# nav system



## GNX231 (Dec 12, 2004)

does anyone know if you can get the navigation system for the gto like the holden? http://www.hsv.com.au/cars/vz/main.asp?link=main/gto.html


----------



## Xcommuter (Jun 30, 2005)

I don't think that is a Nav system , but an electronic HVAC...


----------



## turbovr6 (Nov 3, 2005)

I am purchasing this nav system for $599 fron Circuit City. It fits Perfectly in the cubby under the radio and looks factory if you paint the face black. Check this out and scrool down

http://www.cardomain.com/ride/603606


----------



## PulseRedGoat (Nov 1, 2005)

what nav system is it????


----------



## dealernut (Oct 22, 2005)

turbovr6 said:


> I am purchasing this nav system for $599 fron Circuit City.
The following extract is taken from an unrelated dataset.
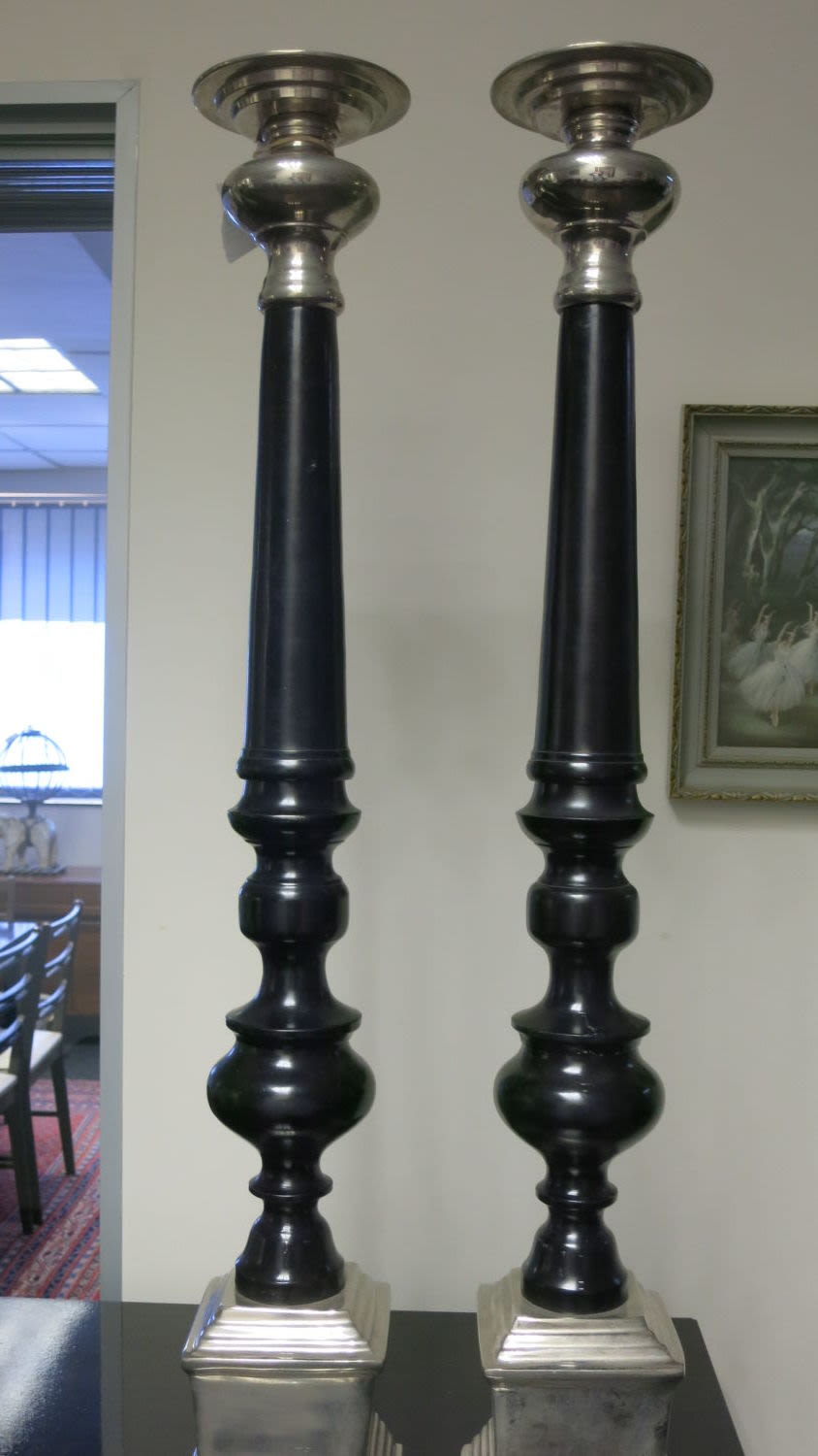 Bidding on a pair of black & chrome metal candlesticks (87cm tall)

It fits Perfectly in the cubby under the radio and looks factory if you paint the face black. Check this out and scrool down
> 
> http://www.cardomain.com/ride/603606



That looks great. What brand is that. I want one.


----------



## J.E.T. (Sep 30, 2005)

We use Magellan 760's in all our vehicles. Got tired of having it stuck to the windshield of my GTO and bought a new Kenwood flip up unit today. Now everything is hidden, including the BEL radar detector. Can't put up with getting jacked for electronic equipment.

JET


----------



## slonlo_350 (Sep 22, 2005)

That'd be really sweet. Probably crazy expensive.


----------



## ftlfirefighter (Jun 6, 2005)

It's available from JHP.com.au for $3000 US


----------